Fun MySQL fact of the day: change buffering

Yesterday, we considered the consequences of random-order inserts on a PRIMARY index. Unfortunately, this same problem exists in secondary indices, and usually to an even greater effect since the data are rarely ordered at insertion time.

For example, let's assume a secondary index of (user_id,thing_id,created,id). In this index, all "things" for a specific "user" are logically ordered in order of a user_id, then by a user's thing_id, then the date it was created, and then, as you recall, a secondary index always ends with the primary key linking back to the associated record in the PRIMARY index. In a busy system, unless we're bulk-loading data, the likelihood of inserts being ordered by user_id is slim at best if not completely coincidental.

For the sake of argument, let's say this index record consists of 4 8byte fields for a total of 32bytes. Ignoring some details, this would allow us to store something like 512 records per page. Now, if each user_id had 10,000 thing_ids, the index records would be spread across no less than 20 pages in 1 single extent, which can be read all in 1 read operation. However, due to unordered inserts causing page splitting, it's more likely to be 40 half-filled pages across 40 extents, needing in the order of 40 reads. Not only is that 40x more reads, that's probably an average case, not even a worst case (you'd have to measure to be sure).
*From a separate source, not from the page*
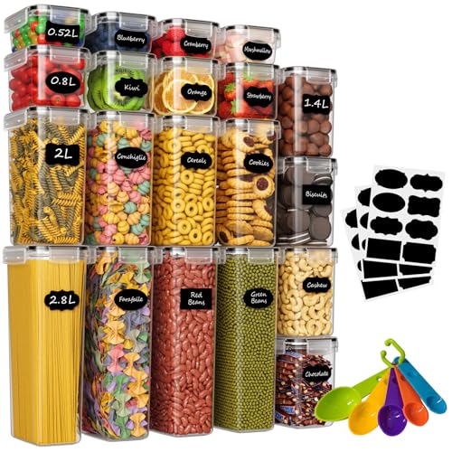 Withosent Förvaringsburkar, lufttäta set om 20, förvaringslåda för kök med lock av plast, förvaringsbehållare, köksbehållare för spaghetti, mjöl, müsli, cornflakes (2,8 l 2 l 1,4 l 0,8 l 0,52 l)

Thankfully, InnoDB has got your back in a feature called the "change buffer", which, for non-unique secondary indices, "buffers" inserts, updates, and deletes until they are read on demand, at which point the buffered page(s) are merged into the pages as they're read from disk. This means a few things, but at the top of the list is that reading (including both DML and queries) from a non-unique secondary index on your master database is a sure-fire way to defeat most of the gains you get from change buffering. This would lead to more page fragmentation, which would lead to more IO, which eventually leads to lower performance.

So, keep your reads on your replicas and only ever use your master for operations that use either the PRIMARY index or unique secondary indices.